I've been wrestling with the phrase, "the joy of the Lord is my strength." I looked it up, and it comes from Nehemiah 8:9-11. The 10th verse makes it very clear: "do not be grieved, for the joy of the LORD is your strength." Honestly, I've wondered how joy could be the prescription for grief and for the sense of weakness that comes with grieving.
I've realized recently that the joy that is our strength isn't a joy that we necessarily experience all the time. Our strength comes from the unchanging truth that God is constantly rejoicing because of his perfect knowledge of all things, his perfect control over all circumstances, and his ultimate victory over all his enemies. The Israelites grieved after hearing God's law, probably because they realized they hadn't and couldn't keep his law.

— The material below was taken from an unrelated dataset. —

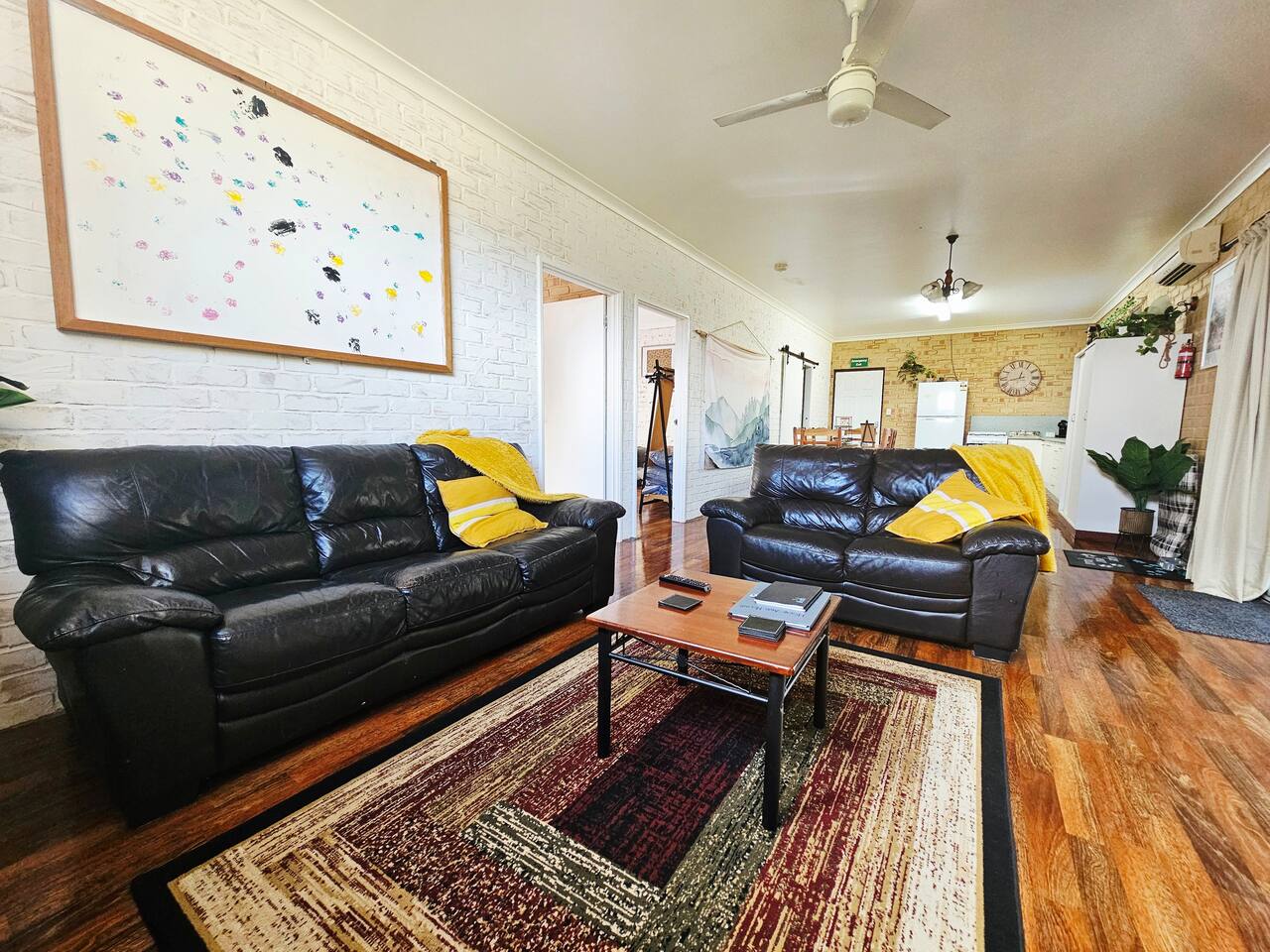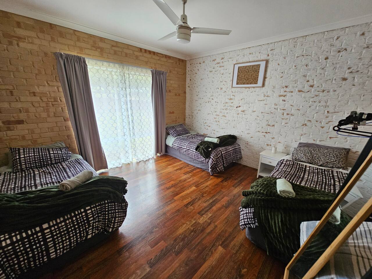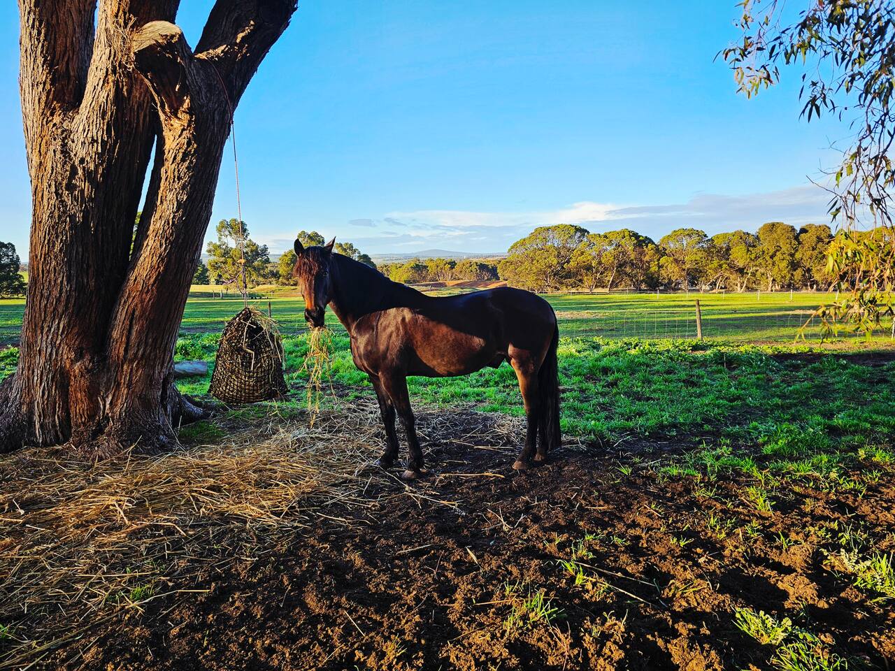 Home & Hound Stirling house is a 117sqm double brick 2 bedroom chalet accomodation. Situated on a small farm with opportunity to hand feed the goats, ponies, collect eggs from the chickens, and generally relax in the quiet countryside. This chalet has a large bedroom with queen bed, and a second large bedroom with 3 single beds. A combined bathroom and laundry with washing machine, and a fully self contained kitchen. Dog friendly with a secure yard so you can leave your pet in for day trips.

But, the leaders told them not to grieve and pointed them to the One who was full of joy at his own victory over their sin. In the same way, the Lord is constantly rejoicing in his own perfect knowledge of our circumstances and in his own victorious control over them.
I don't have His vantage point, but when I recognize that He is always rejoicing I understand that He must see and know something I don't know. I can find strength in that. God knows and controls the outcome of Ian's situation, and somehow it's good, though I don't understand how. When I look up to Him through my sadness wondering how things went so wrong for Ian and Larissa and I recognize that He is compassionately and confidently rejoicing despite Ian's circumstances, I can draw strength from that.
The Lord's joy is my strength.
Thank you for continuing to pray for Ian and for sharing in our struggle.